Enchantment from the ICAO Council was entered onto the ICJ’s Normal Record below No. 201, and on 27 November 2025 the Courtroom mounted time-limits for the written pleadings. Even at this early stage, the attraction displays a broader sample in Russia’s latest engagement with worldwide adjudication: the strategic deployment of arguments to deflect consideration from substantive accountability and to problem institutional authority. On this respect, the ICAO attraction aligns with different cases of Russian procedural offensive, however the uncertainty surrounding its eventual consequence.
Hijacking Allegations of Genocide
Allegations of Genocide have already attracted in depth scholarly consideration (e.g. Papadaki, Milanovic). One facet nonetheless warrants explicit emphasis. Regardless of Ukraine’s modern jurisdictional technique and its success in securing provisional measures that remoted Russia at an early stage, the Russian procedural counteroffensive has considerably altered the trajectory of the case.
The ICJ’s Judgment on Preliminary Objections of February 2024, and much more so its latest Order of 5 December 2025 discovering Russia’s counterclaim admissible (Schneider), have shifted the main focus of the proceedings away from the illegality of the invasion in direction of allegations of genocide and associated conduct attributed to Ukrainian authorities. Ukraine is now required not solely to disprove the alleged genocidal acts, however to defend itself in opposition to detailed accusations (Weller) of try, complicity, conspiracy, incitement, and failure to stop, examine and punish.
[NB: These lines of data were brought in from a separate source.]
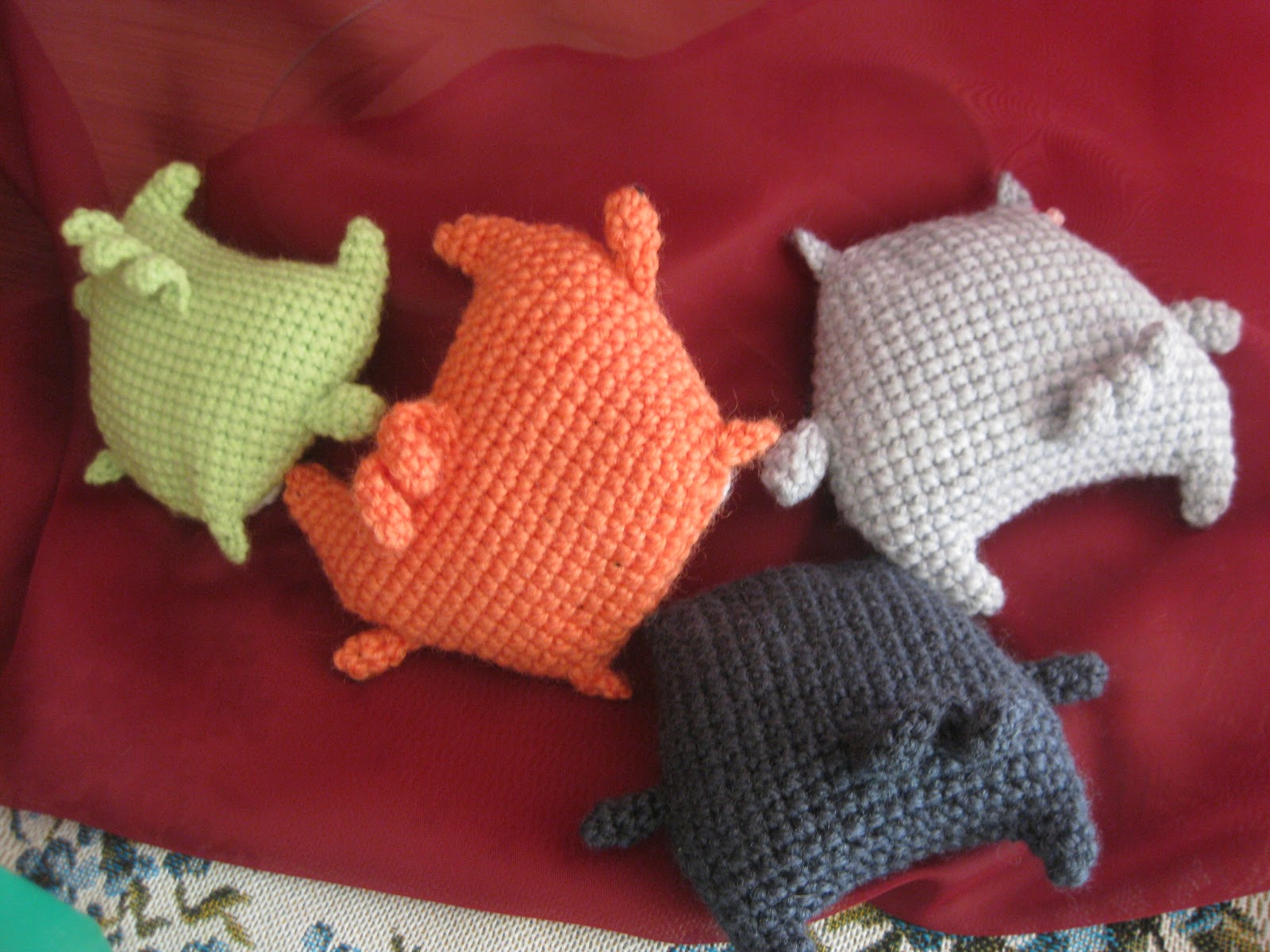 Для облегчения работы используйте маркер или контрастную нить. Новый ряд начинается перед петлей, в которую вставлен маркер. В процессе вязания необходимо следить за симметрией игрушки. При смещении маркера вправо необходимо связать дополнительный столбик и сместить маркер на одну петлю («петля смещения» в описании рядов не участвует).
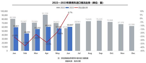 今年6月,我國乘用車進口6.1萬輛(含底盤),同比增長6.7%;1-6月累計進口33.8萬輛,同比下滑23.3%,主要原因為國內(nèi)市場消費結(jié)構(gòu)改變及電動化轉(zhuǎn)型降低了對燃油車的需求。銷量方面,6月,進口乘用車終端銷售6.5萬輛,同比下滑9.1%,環(huán)比增長6.6%。1-6月,進口乘用車?yán)塾嬩N售36.5萬輛,同比微降0.6%;相比之下,新能源進口車銷量同比漲幅接近七成。
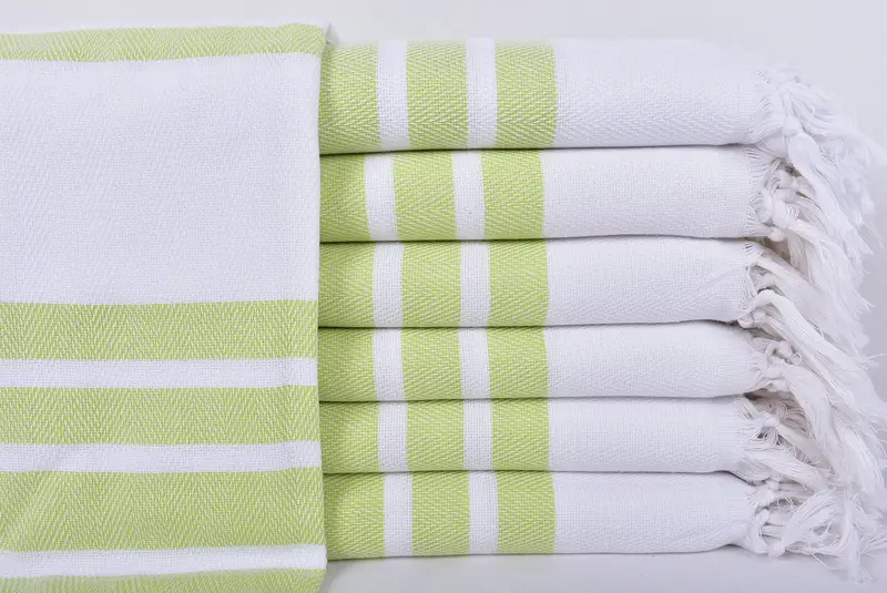 Die aus hochwertiger türkischer Baumwolle gefertigten Handtücher weisen eine hervorragende Saugfähigkeit auf und trocknen im Vergleich zu herkömmlichen Handtüchern schnell. Diese Handtücher zeichnen sich durch Abmessungen von 40 x 71 Zoll aus, was 100 x 180 cm mit einer Toleranz von 1–2,5 cm entspricht, und ein Gewicht von etwa 380 Gramm. Sie werden sorgfältig handgewebt. Zu den Individualisierungsoptionen gehört das Aufsticken von Namen oder Daten, ein Vorschrumpfen ist nicht erforderlich.
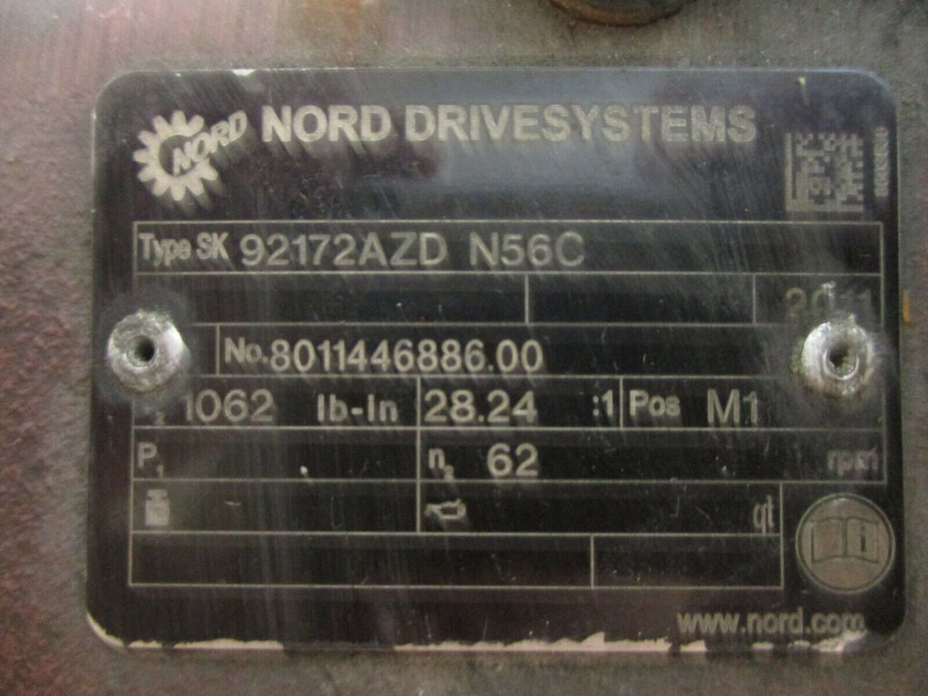 Nord Gear Reducer SK 92172AZD N56C Ratio 28.24:1 1062 lb-In 62 RPM Out Used_x000D_ Condition: UsedNominal Ratio: 28.24:1MPN: SK 92172AZD N56CBrand: NordType: Gear Reducer Nord Gear Reducer SK 92172AZD N56C Ratio 28.24:1 1062 lb-In 62 RPM Out Used Nord Gear Reducer Part#: SK 92172AZD N56C Ratio 28.24:1 1062 lb-In 62 RPM Out Used Loc: AB11-2605 / AB8O2 Nord Gear Reducer Part#: SK 92172AZD N56C Ratio 28.24:1 1062 lb-In 62 RPM Out Uséd Loc: AB11-2605 / AB8O2
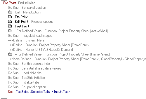 When end users click Maintain Projects on your top‑level panel, the property sheet should open to the Projects and Tasks tab. When they click Maintain Employees, the property sheet should open to the Employees tab. Before you can do this, you have to modify the Project Property Sheet function to accept a starting tab number as an input parameter.
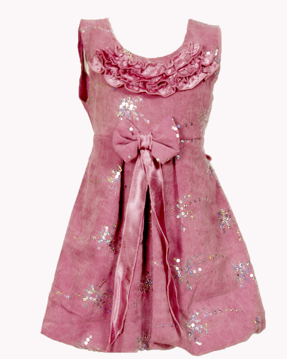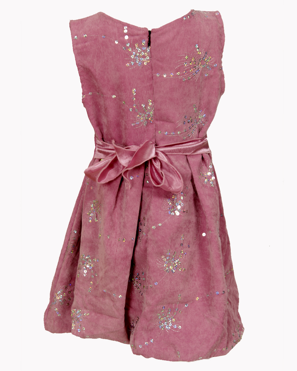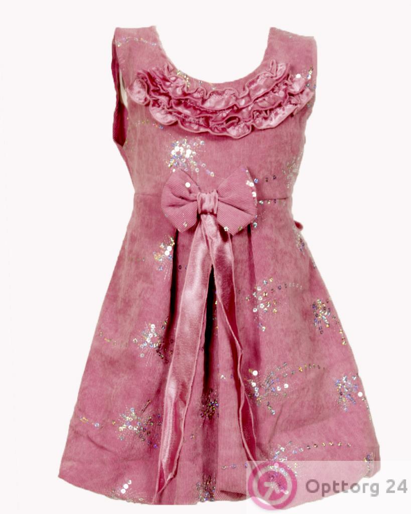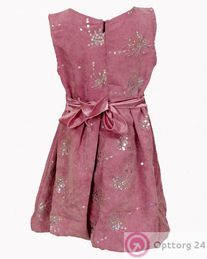 Детское платье нежно-розового цвета с блёстками и большим бантом в области талии.
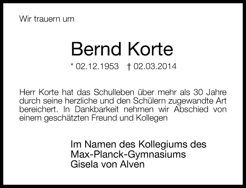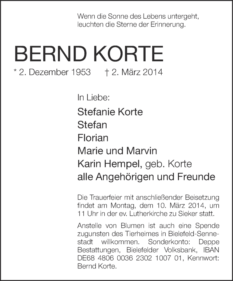 Hier finden Sie alle Traueranzeigen aus der Zeitung, die bisher für Bernd Korte erschienen sind. Weitere Traueranzeigen, die in der Zeitung erscheinen, werden hier ebenfalls aufgelistet
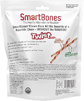 Rawhide-Free: Easy-To-Digest Dog Chews Made With Wholesome Ingredients10Real Chicken: Made With Real Chicken And Vegetables Twisted Together10Easy To Digest: Highly Digestible And 100% Delicious10Helps Maintain Healthy Teeth: Smartbones Chews Have All The Benefits Of A Rawhide Chew Without The Rawhide – Chewing Helps Maintain Healthy Teeth10Stick Shapes: 50 Twisted Stick-Shaped Chews Dogs Love10Smartbones Smart Twist Sticks With Peanut Butter Are Made With Real Chicken And Vegetables And Real Peanut Butter For A Scrumptious Taste Your Dog Can’T Resist! These Rawhide-Free Chews Are An Easy-To-Digest Alternative To Traditional Rawhide. Plus, They Are Vitamin- And Mineral-Enriched For A Treat You Both Can Feel Good About. Chewing Helps Maintain Healthy Teeth, So These Chews Are Both Engaging And Beneficial. Feed 1 To 2 Chews Per Day. Note: Always Supervise Your Pet During Chewing Activity. This Product Is Intended For Intermittent Or Supplemental Feeding Only. Select A Chew Slightly Larger Than Your Pet’S Mouth. Discard Leftover Chunks Or Fragments. Always Provide Fresh Drinking Water And Visit Your Veterinarian Regularly
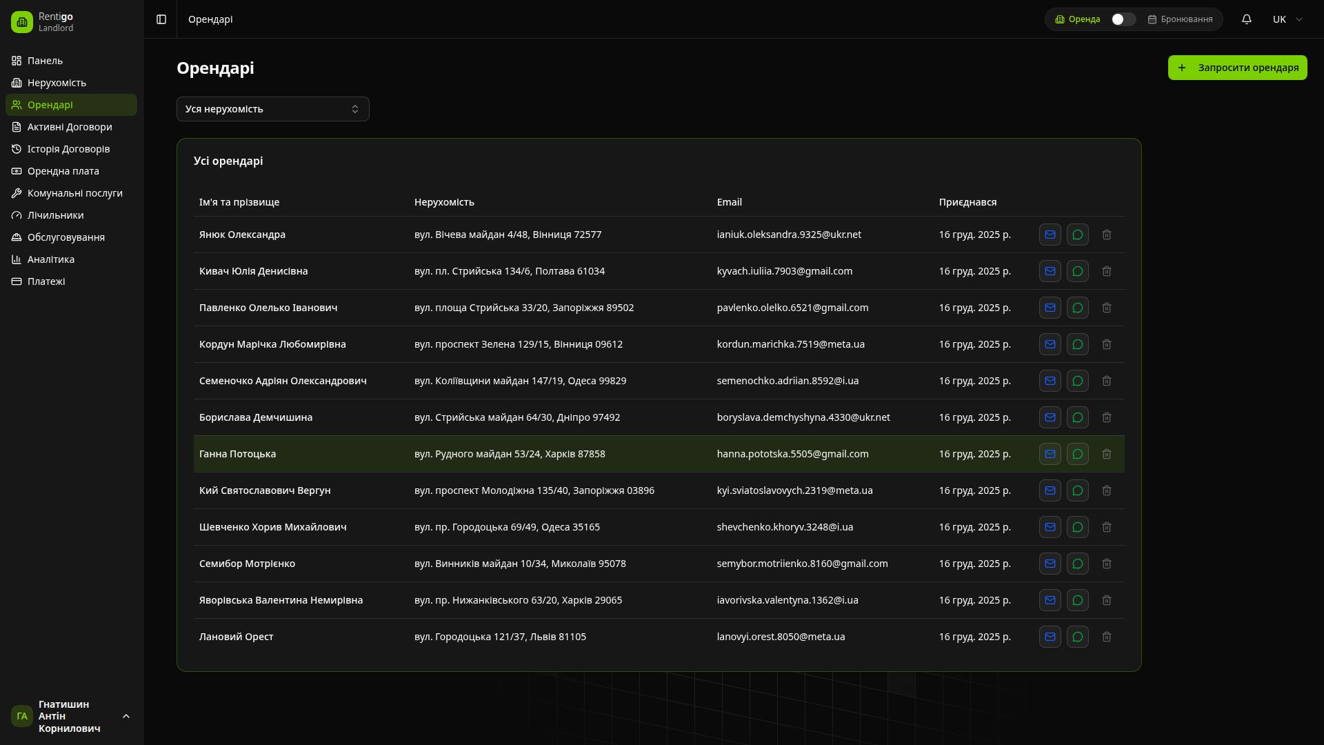 - Повне управління орендарями
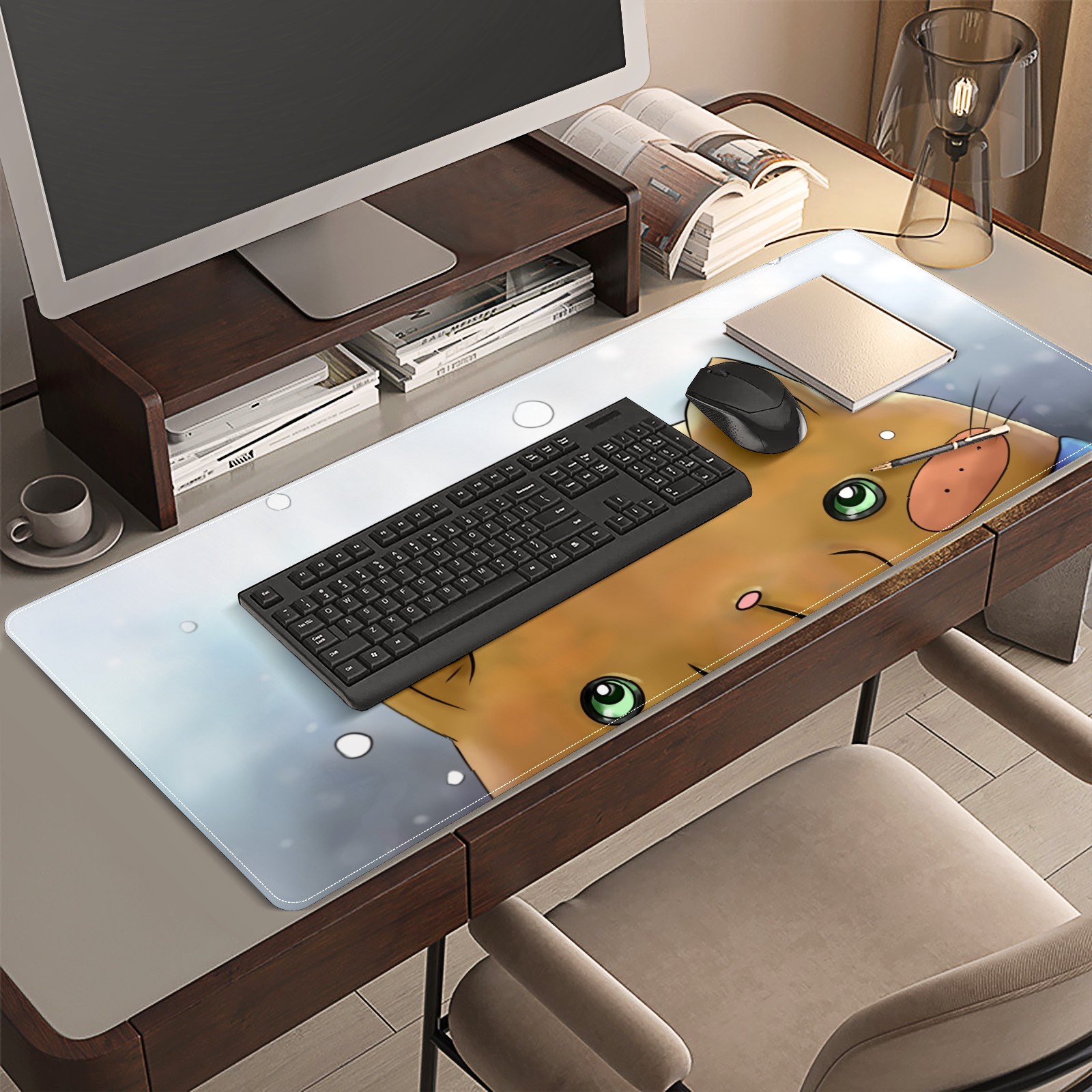 <p>This 35.4” × 15.7” extended desk mat offers ample space for your keyboard, mouse and essentials, working as a smooth work/writing pad while protecting your desktop from scratches.</p><p>With stylish artistic patterns, it adds personality to your home office, study or gaming setup. The high-density woven surface ensures precise, smooth mouse tracking for work and gaming.</p><p>Featuring an anti-slip natural rubber base for firm grip and stability, the mat is soft, elastic and odorless. Reinforced stitched edges prevent fraying and curling for long-lasting durability.</p>
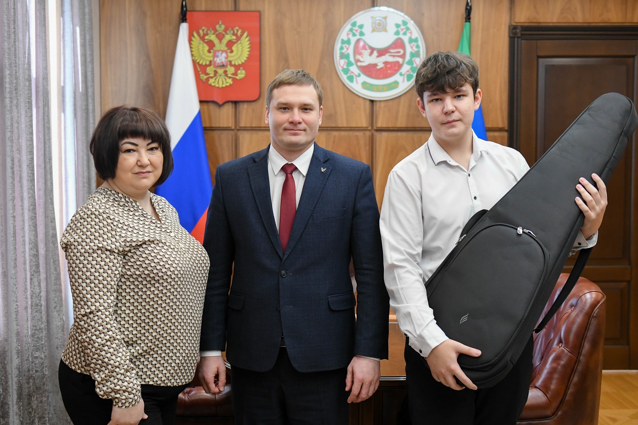 Валентин Коновалов вручил электрогитару юному жителю республикиНИА-Хакасия

Russia additionally seizes the evidentiary initiative, as in its counter-memorial, which was accompanied by hundreds of pages of annexed paperwork, ca. 300 witness statements, and quite a few knowledgeable experiences (pardon the propaganda within the hyperlink). In a context characterised by the issue of ‘proving a damaging’ and uncertainty relating to the allocation of the burden of proof (see Declaration of Decide Tomka, ¶ 19, Marchuk), this procedural growth exemplifies how counterclaims can operate as devices of narrative and evidentiary technique.
Conclusion
These three developments sign a discernible Russian procedural counteroffensive and illustrate a change in its strategy to worldwide adjudication. After an preliminary interval of strategic disengagement, the Russian Federation has turned to lively participation in an effort to delay proceedings, contest institutional legitimacy, and reshape the narrative inside worldwide fora. These developments lend assist to the more and more evident proposition that, in modern inter-State disputes, engagement with worldwide courts is commonly extra advantageous than abstention (e.g. Tzeng). Procedural participation permits a respondent State not solely to safeguard its quick litigation pursuits, but additionally to affect the tempo, scope, and framing of proceedings.
Whereas these procedural victories are unlikely, in themselves, to find out the final word consequence of the authorized disputes arising from the invasion of Ukraine, they nonetheless underscore the rising salience of procedural manoeuvring in modern battle. Additionally they elevate broader questions for worldwide courts and tribunals regarding the capability of present procedural frameworks to accommodate – or resist – the strategic use of process as a instrument of confrontation reasonably than adjudication.